Wittman's bottom line: To reach their standard conclusions about
political failure, then, ignorance is not enough. They need to assume that voters are
"stupid" or irrational -
that RE fails.
VII.
"Serious Lack of Competition"
C.
Wittman's Principle #2: Politics,
like the market, is competitive.
D.
Why? First, reputation matters.
1.
If politicians break promises, voters hold it against them. If they do a good job, they reward them. Even if politicians only stay in one office
for a few years, they want to build up a good name in order to rise to higher
offices.
2.
Remember the theory of optimal punishment: Voters can adjust for a
small probability of detection with over-punishment. Politicians can destroy their whole
reputation with one mistake.
E.
Second, political races are at least as competitive as markets.
1.
Politics is full of "political entrepreneurs" who want to
stage a successful "takeover" (gain power) by locating unpopular
policies and campaigning to change them.
2.
High rates of reelection prove NOTHING.
"The main reason for high rates of incumbent success is... They are
the best.

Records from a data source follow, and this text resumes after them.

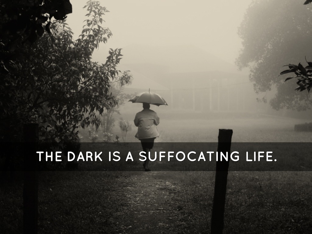 THE DARK IS ALL OF YOUR EMOTIONS, CLOSING IN ON YOU.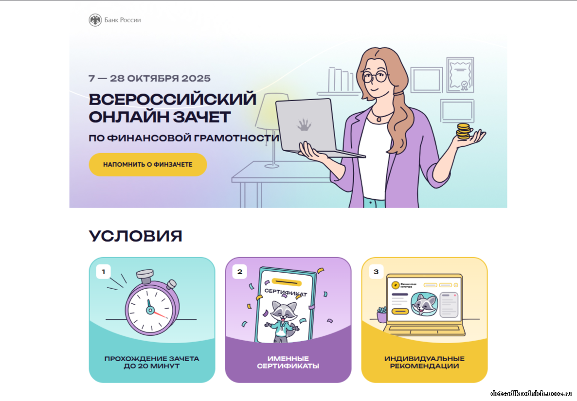 Банк России информирует о проведении с 7 по 28 октября 2025 года VIII Всероссийского онлайн-зачета по финансовой грамотности для всех категорий населения.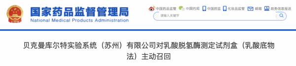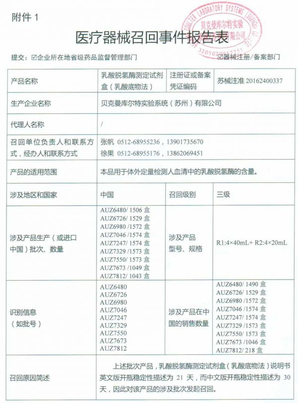 日前,国家药监局发布消息,贝克曼库尔特实验系统(苏州)有限公司报告,乳酸脱氢酶测定试剂盒(乳酸底物法)说明书英文版开瓶稳定性描述为21天,中文版开瓶稳定性为30天,两个版本不一致,故实施主动召回,召回级别为三级。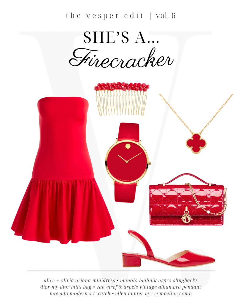 We can’t resist drop waists or ruffles, and we certainly can’t resist Alice + Olivia, making this firecracker-red bodycon a no-brainer. Prepare yourself for whistles and shouts as you parade through the party this Independence Day in shiny patent Manolo Blahnik slingbacks while carrying your matching Dior mini bag. A classic Van Cleef & Arples pendant pairs perfectly with a made-in-the USA hairpiece from Ellen Hunter NYC, and a striking monochromatic Movado watch makes certain you’ll be on time for the fireworks show.
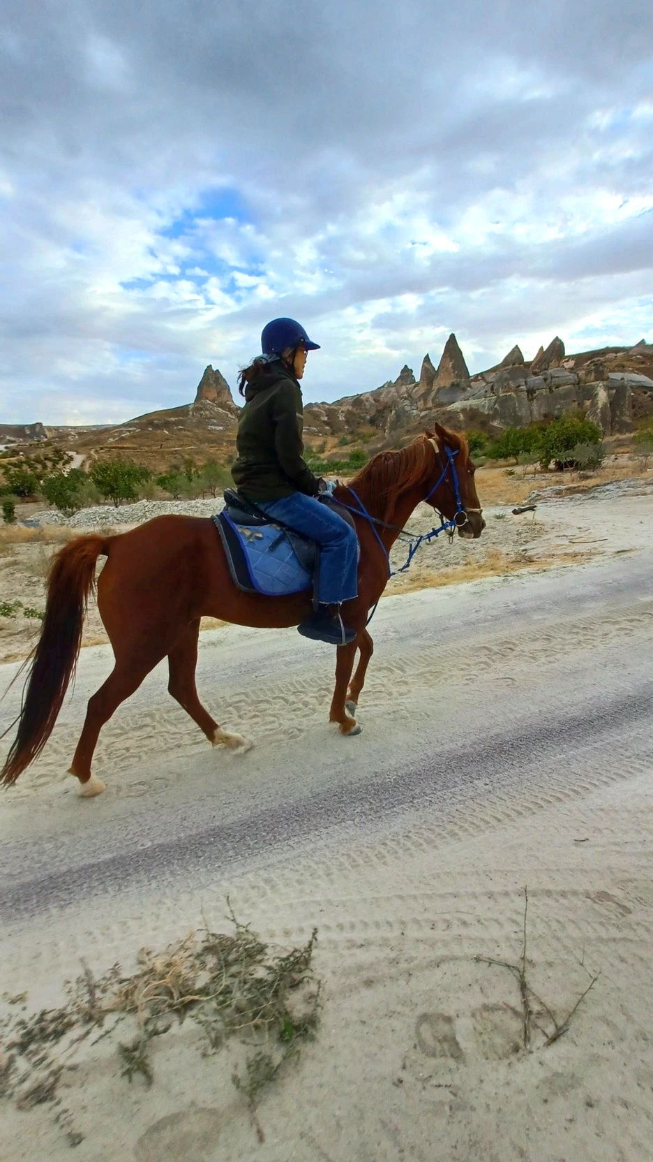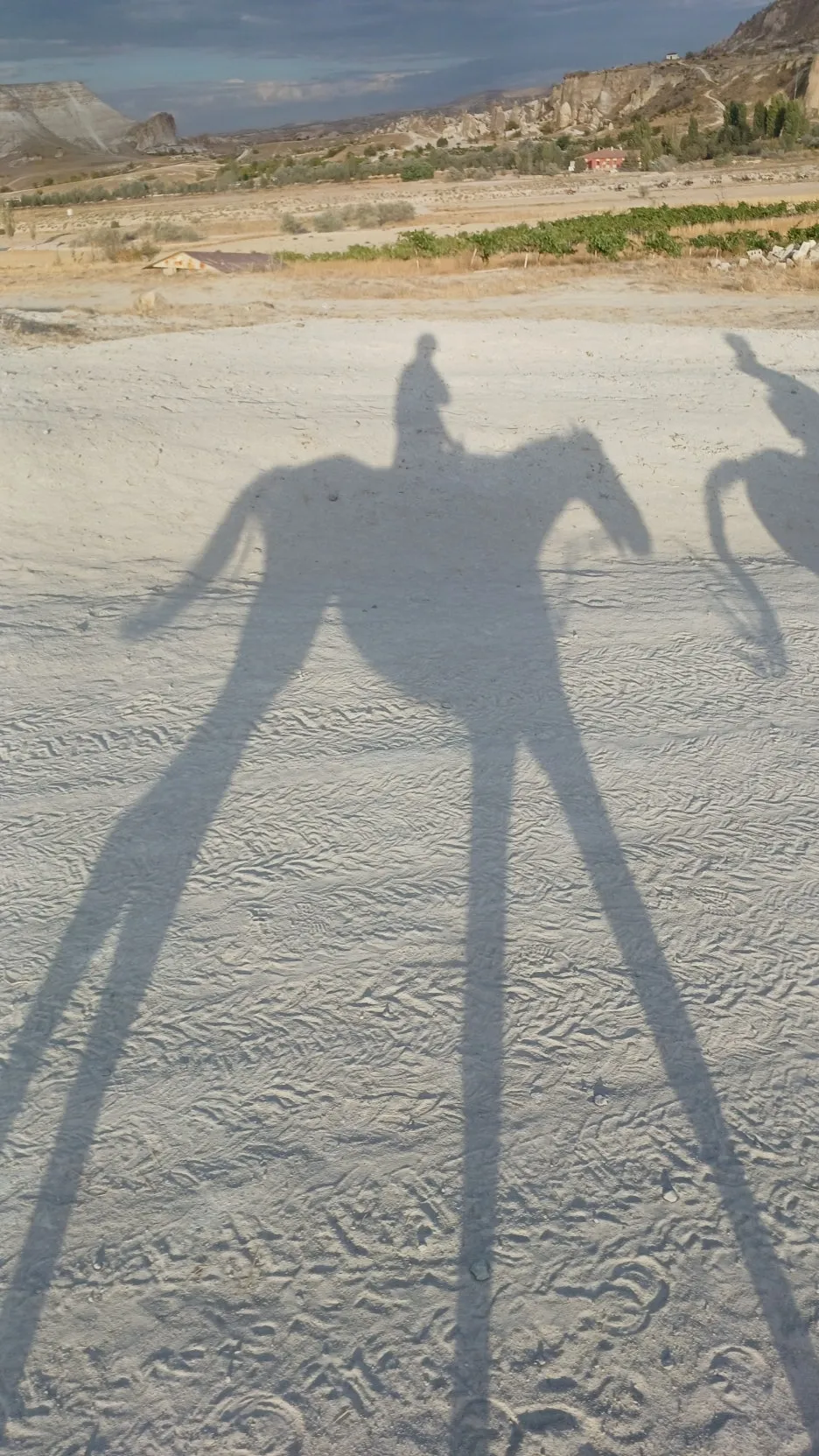 나는 J 뒤에 따라붙으며 안심을 권한다. 다행히 말들은 차분하고 온순했다. 목장을 벗어난 지 5분쯤 되었을까, 사진으로만 보던 '카파도키아'스러운 풍경이 서서히 나타난다. 바위는 불규칙한 조각처럼 솟아 있고, 굴곡진 능선이 회색 흙먼지를 일으키며 이어진다. 하늘은 맑았고, 바람은 건조했다. 승마 행렬은 일렬로 늘어서 천천히 능선을 넘는다. 말 위에서 느껴지는 진동이 처음엔 낯설었지만 곧 리드리컬하게 익숙해진다. 바람이 얼굴을 스치고, 햇살은 어깨에 비스듬히 그러나 사납게 꽂힌다. 괴레메는 아나톨리아 고원의 한가운데 위치해 있다. 해발 1,200 높이의 지역이니 햇살이 강할 수밖에 없다. 말발굽이 흙을 차는 소리가 일정한 박자를 만든다. 이 단조로운 리듬이 마음을 편안하게 한다. 지형은 완만했지만, 때때로 가파른 언덕을 오르내리며 초보자에게도 적당한 스릴을 선사한다.

That is why they won in the
first place and why they are likely to win again."
3.
Similarity of platforms also proves NOTHING. Similar prices are actually a sign of
competition in markets; so are similar platforms in politics.
4.
Alleged "barriers to entry" are usually minimal. Third parties can't win because voters don't
like them, not because "the system" is against them.
F.
Third, empirical evidence
shows a strong link between voter preferences and legislative behavior.
G.
Wittman's bottom line: In markets, economists are usually skeptical
about collusion. Why are they less
skeptical in politics? How is the grand
electoral conspiracy maintained?
VIII.
"Excessively High Negotiation/Transfer Costs"
A.
Finally, public choice economists often argue that transactions costs
prevent more efficient policies from replacing the status quo.
1.
Ex: A special interest "blocks" changes harmful to its
interests, and it is "too hard" to buy them off.
B.
This brings us to Wittman's Principle #3: Political bargaining can eliminate any remaining significant
inefficiencies.
C.
Why? Democracy is designed to have low
transactions costs.
1.
Majority rule is cheaper than the unanimity required by markets.
2.
Representative democracy (as opposed to direct democracy) drastically
reduces transactions costs. Instead of
250 M Americans bargaining, we have a few hundred Congressmen and Senators
bargaining. (The same logic holds for
committees).
3.
Log-rolling can turn efficient but unpopular policies into efficient
AND popular policies.
A.
What reasons are there to believe that the rational expectations
assumption is true?
B.
One of my main research ideas: Just as economists think of agents
weighing the costs and benefits of information,
so too can we think of agents weighing the costs and benefits of rationality. Just as it is sometimes rational to be ignorant (have
little information), it may sometimes be rational to be irrational (deviate from full rationality).
C.
In other words, we can think of irrationality as a normal good. Why does anyone want this "good"?